Now, I registered Boone’s loss like I’d just lost a limb. I wanted him in here, holding me. Talking through what happened. Reassuring me that everything was going to be okay.
Instead, he’d left. Literally ran out.
And before he’d gone, he’d made it sound final.
I’ll stay out of your life.
My entire body shook, and tears flooded down my cheeks. How could he say that?
Except I knew what he was thinking. Boone had a deep belief that he was a danger to the people he loved. He’d fought with and badly hurt his father when he was just sixteen. Teens were dramatic as fuck anyway, so traumas that happened during those years shape beliefs about everything. Left scars that didn’t heal.
Boone’s definitely hadn’t healed. Then he’d said he’d hurt that stalker in New York years later. That was why he’d put himself into self-imposed isolation up on the mountain.
We’d talked about it. I thought he’d been able to move past it, but I guessed I was wrong.
Damn him! How dare he walk out on me, especially at a time like this?
The tears that hadn’t come during the entire ordeal suddenly came on like a flood. My face crumpled. A sob surged up.
“He left. He fucking left.”
The sheriff looked over from where they stood over Marty. I hadn’t met either of them before, but I presumed he was one of the wolves since he’d commanded Boone to shift. Maybe the other guy, too, since he’d said it in his presence.

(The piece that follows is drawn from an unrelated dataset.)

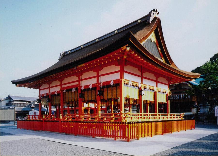 伏見稲荷大社は、稲荷信仰の総本社で稲荷山の西麓に境内を構える。本殿は明応3年(1494)の再建で、重要文化財に指定されている。権殿は寛永12年(1635)の建立で、本殿を一回り小さくした五間社流造の仮殿である。楼門は天正17年(1589)の再建で、和様の意匠である。そのほか、稲荷祭の時に神輿を並べた外拝殿、3室の内陣をもつ奥宮、稲荷神の眷属である狐を祀る白狐社などが良好に維持されおり、近世の稲荷信仰の隆盛を伝える社殿群として価値が高い。既指定の本殿とともに保存を図る。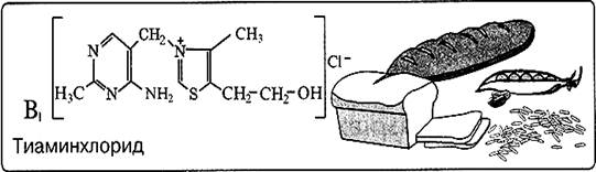 Витамин В1 способствует росту организма, а также нормализации перистальтики желудка и кислотности желудочного сока. Его недостаток сопровождается расстройством жизнедеятельности организма, бессонницей, раздражительностью, в тяжёлых случаях параличом нижних конечностей. Суточная потребность взрослого – 2 мг. Источником витамина В1 являются: хлеб из муки грубого помола, крупы, мясо, орехи. Особенно много витамина В1 в зародышах и оболочках пшеницы, овса, гречихи, в пивных дрожжах, зелёном горошке.

“I’m sorry. Summer?” He stepped over Marty’s body and held out his hand. “I’m Levi. I’m Boone’s pack brother. This is Kyle–he’s Cody’s father-in-law.”

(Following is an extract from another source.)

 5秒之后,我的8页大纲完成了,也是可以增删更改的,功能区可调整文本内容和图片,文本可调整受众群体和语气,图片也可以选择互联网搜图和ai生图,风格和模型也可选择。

That meant… Riley’s dad. Surely he knew about shifters then.
“Looks like he hit you good,” he said. “You need me to call an ambulance or want us to take you to the hospital?”

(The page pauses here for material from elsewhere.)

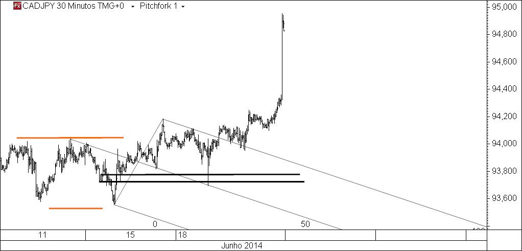 Delineei uma oportunidade especulativa no cadjpy 30 m tendo por base um padrão repetido até à saciedade. O preço não se dignou regressar à área que me interessava (como não corro atrás do preço compro em pullbacks) e a oportunidade não se concretizou. Em anterior post sugeri que a entrada poderia ter sido antecipada, sempre na observância das regras que elegi para a especulação (r:r de pelo menos 1/3, colocação de stops atrás das baleias, etc.), mas ainda não cheguei a uma conclusão segura.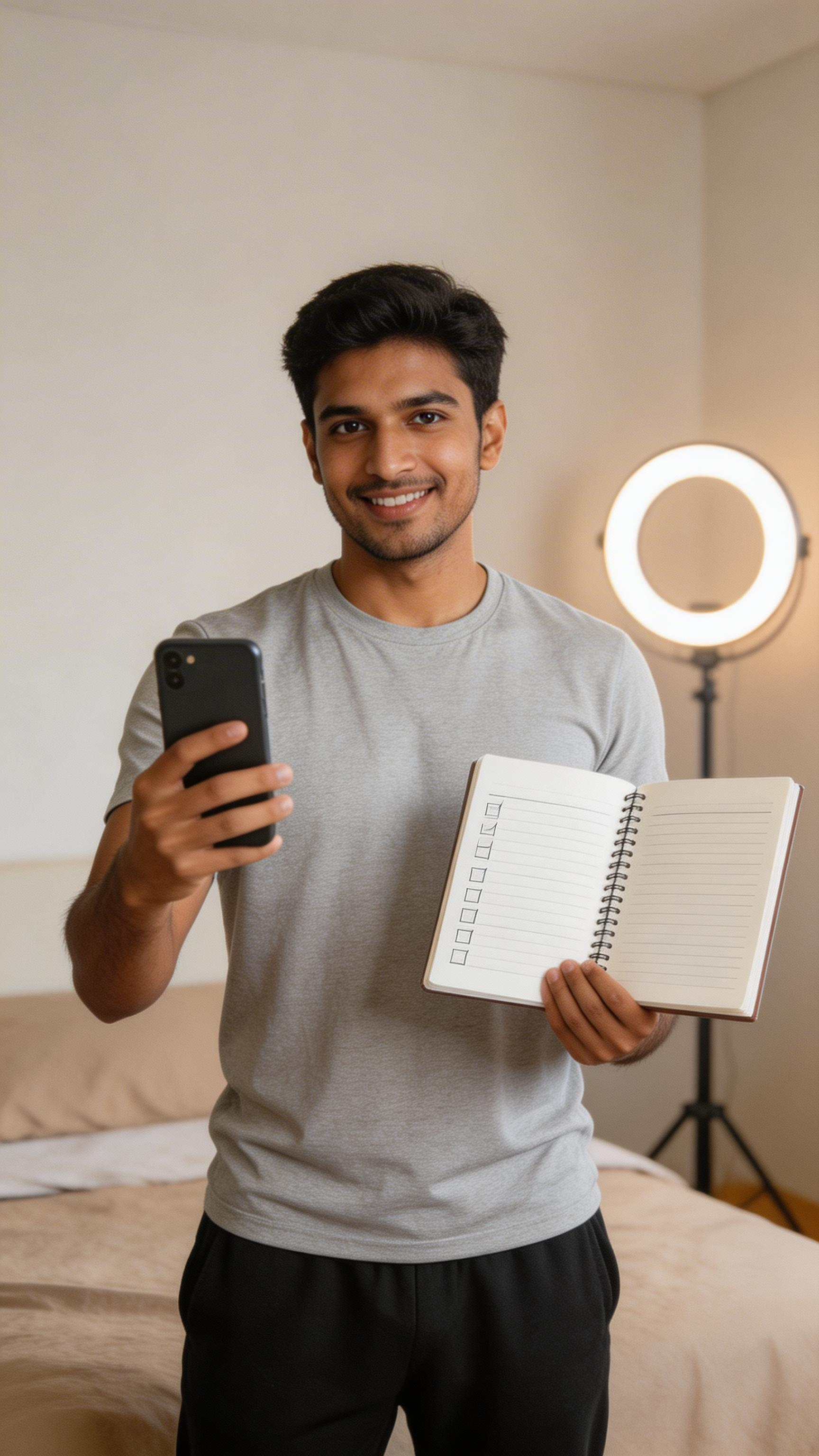 Environmental portrait of a South Asian man in his late-20s filming a “day 1 of 30” challenge clip, standing in a minimalist bedroom with a checklist notebook in hand. Outfit: athletic tee and joggers. Expression: motivated, direct-to-camera. Background: clean room, ring light glow, professional creator lighting. no captions, no writing, no text, no watermarks, no logos, no overlays

I reached up, winced when I touched my cheek, then kept right on crying. “It hurts, but nothing’s broken,” I got out between sniffs.
“I can call Audrey to meet us when we get back to town. You met the doc already?”
I nodded, making my head throb.
Knowing they were on my side helped. I definitely had PTSD from Marty and his cop friends who I knew wouldn’t have helped me if I ever called 9-1-1 when he got violent.
“Boone shouldn’t have run off,” Levi said, rubbing the back of his neck. “He, uh, has issues from when he was young.”
That just made me cry harder. I was crying for Boone. Crying for the loss of Boone.
“I know,” I sniffed. “His dad. That’s no excuse to walk out on me when I need him most.”
Both Levi and Kyle winced. “Yeah, that was bad. But he’ll be back once he has his head on straight. If not, I’ll kick some sense into him.”
The tears kept streaming down my face. I was sure it was part release from getting kidnapped and beaten, but all of my focus went into grief over Boone.
He left me.
Left me.
How could he? After all those times he said mine?
I shivered from the cold pouring in through the broken window and the grotesque scene on the floor.
“Shit. Glad you called, Levi. Also got a call from Cody. How’d you find them?”
All three of us turned at the voice.